Acreditava-se na Igreja, desde o início, que Jesus, o Redentor, é Deus e
Filho de Deus. Mas ainda não se tinha aprofundado em que sentido Ele podia ser
Deus e qual era sua relação com o Deus-Pai.
3.1 O subordinacionismo, presente em cabeças gnósticas ou judaizantes,
afirmava a unidade de Deus e a “divindade” (subordinada) de Jesus. Uns
pensavam o “nascer” do Verbo como um ato não eterno, mas temporal. O Verbo
era “subordinado” a Deus, isto é, não era da mesma substância divina. Com isto
se salvava a unicidade de Deus, mas perdia-se a divindade de Jesus. Chamava-se
a esse grupo “Monarquianos” (o Deus único é monarca, tudo lhe é submetido).

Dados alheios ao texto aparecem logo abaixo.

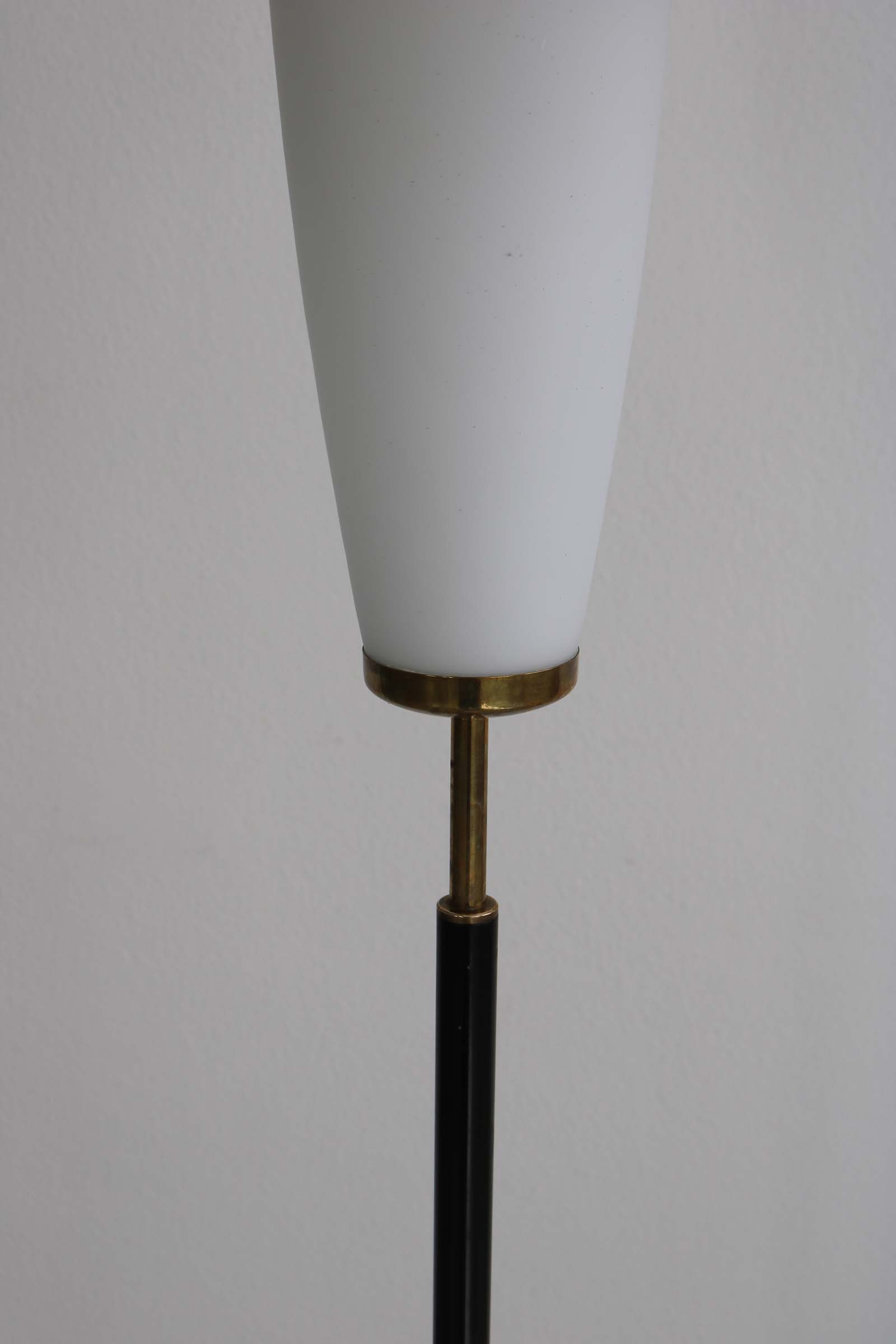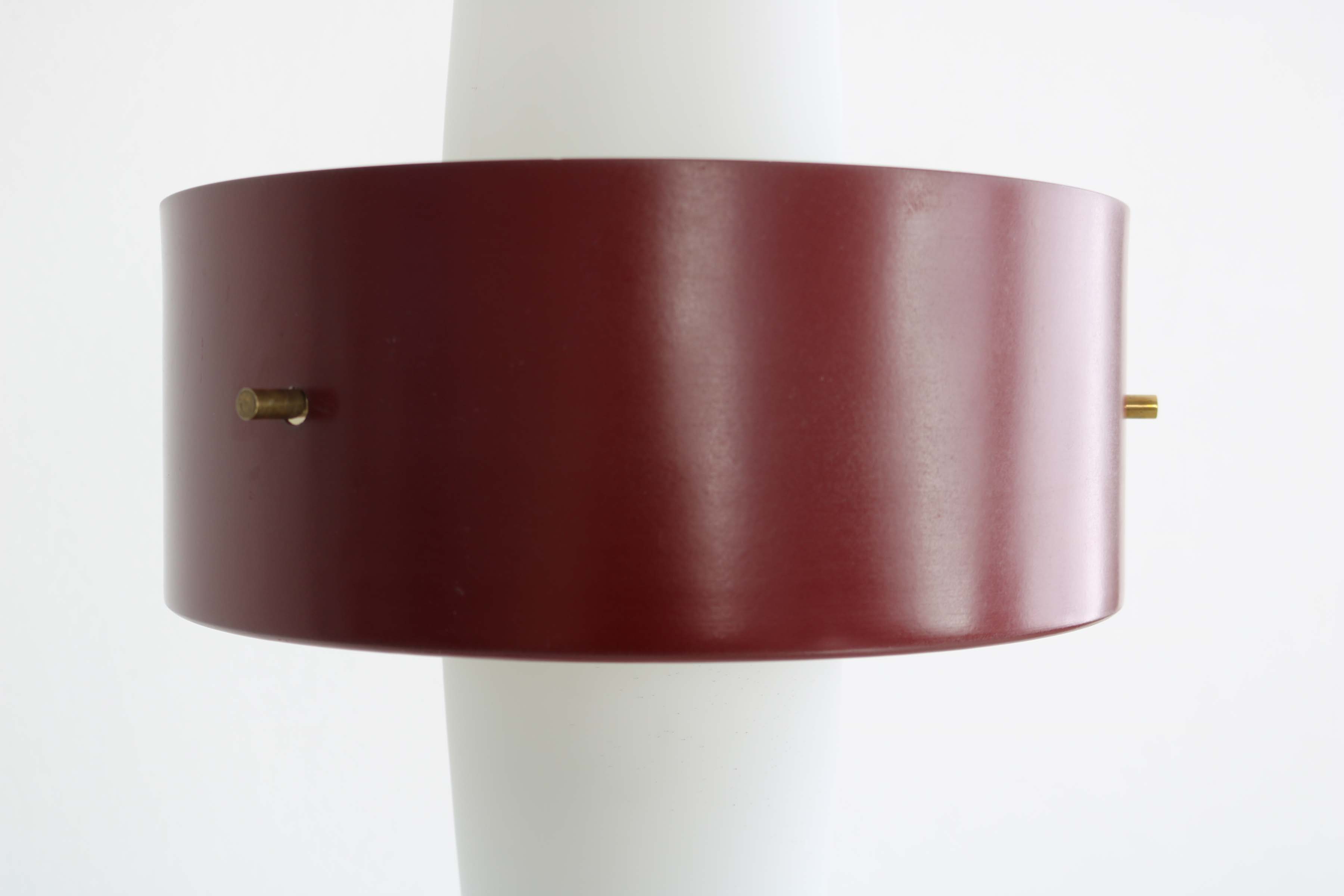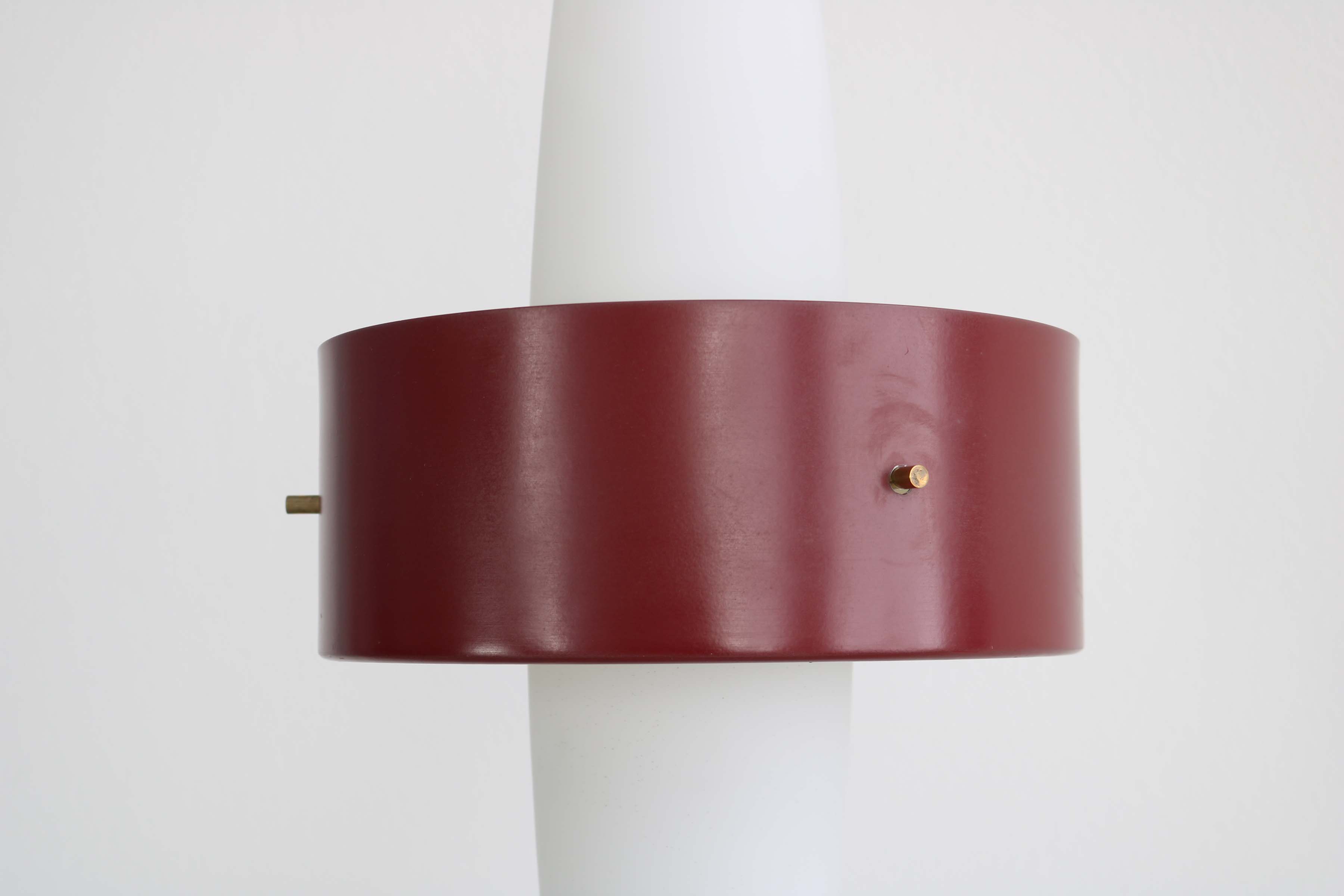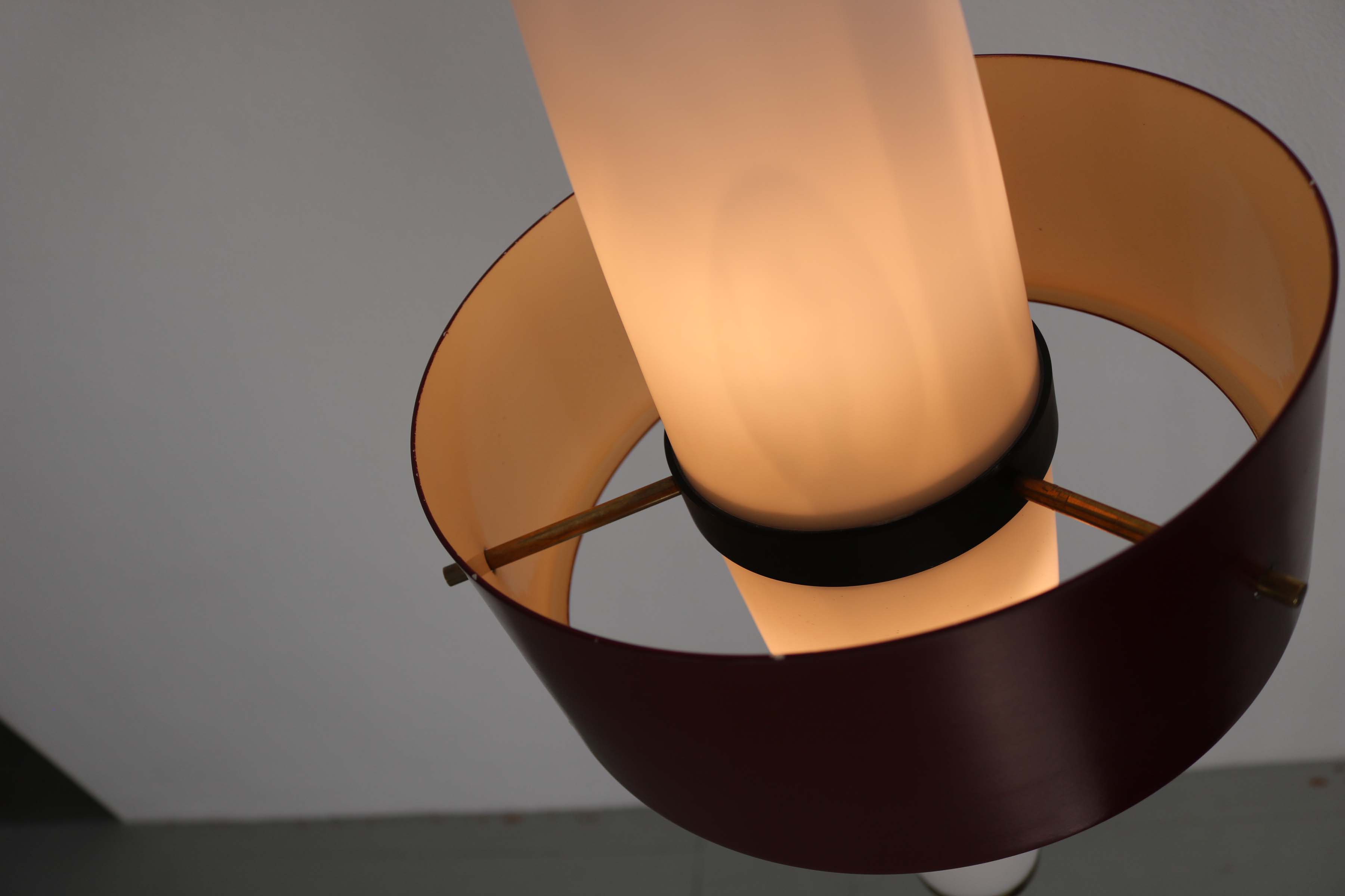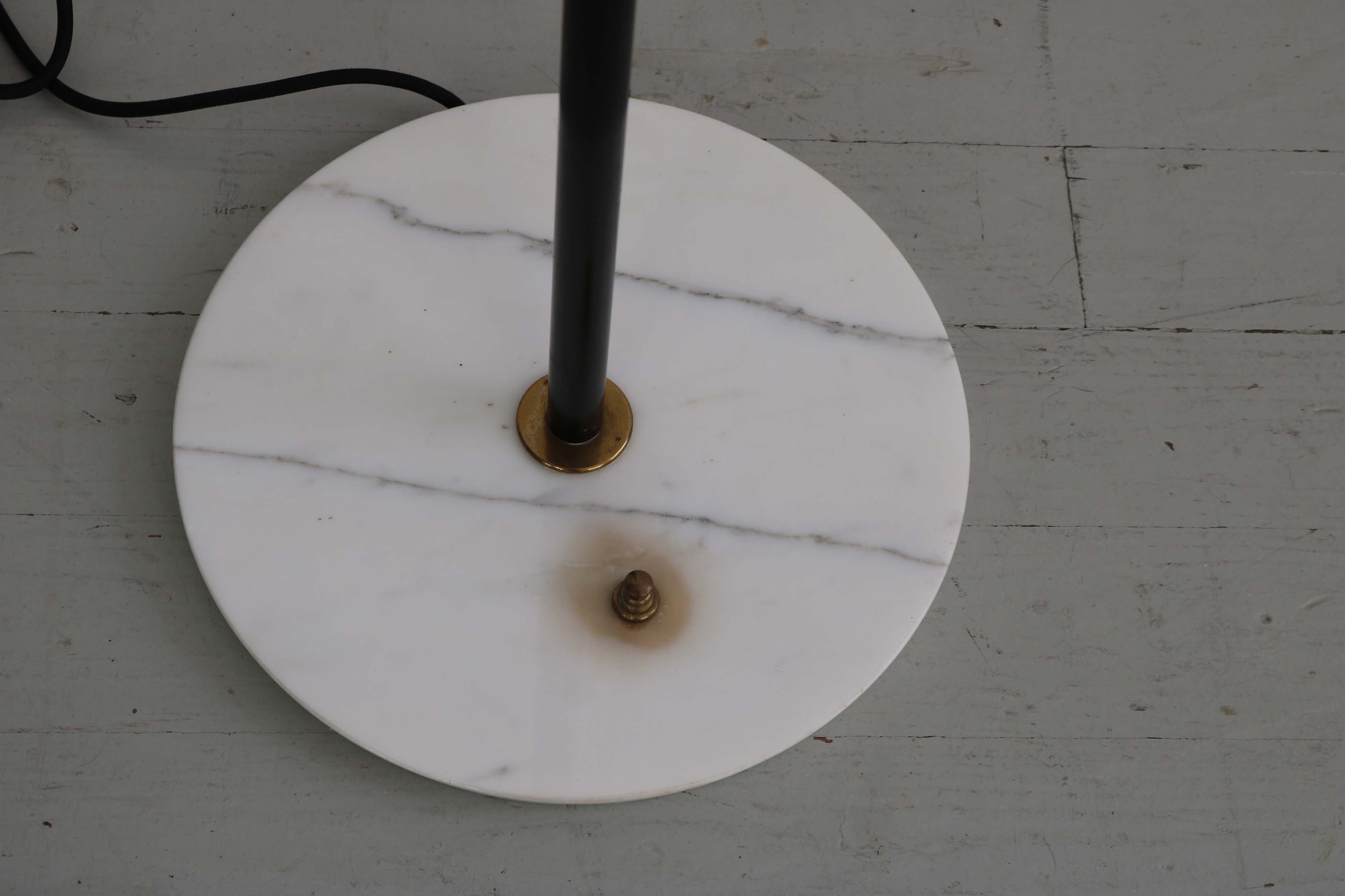 Elegant Italian floor lamp “Mod. 6005” by Angelo Brotto for Stilnovo, c.1960. Marble base with black-lacquered iron stem and brass accents; the opaline glass shade encircled by a ring of red-lacquered aluminium.

Teódoto, vindo de Bizâncio, propagava, pelo ano 190, essa teoria em Roma:
Jesus era simples homem da terra, mas no batismo teria sido revestido de divinos
poderes. O Papa Victor (189-198) excomungou-o.
Paulo de Samósata, junto ao Eufrates, Bispo de Antioquia desde cerca de
260, ambicioso e cobiçoso, ocupava altíssima função (vice-rei?) na corte da
rainha Zenóbia de Palmira. Pela clareza e simplicidade de sua doutrina, ele
ganhava muitos adeptos, embora sacrificando a fé da Igreja. Afirmava com todo
rigor a unidade de Deus (uma natureza, uma pessoa). Jesus seria apenas um
homem, nascido de Maria Virgem, no qual ele teria morado “como em um
templo”. O Lógos (o Verbo) é impessoal, é uma força divina, a sabedoria, que,
em nível menor, já tinha agido em Moisés e nos profetas. A união de Jesus
Redentor com Deus não seria uma união de natureza, mas somente de vontades.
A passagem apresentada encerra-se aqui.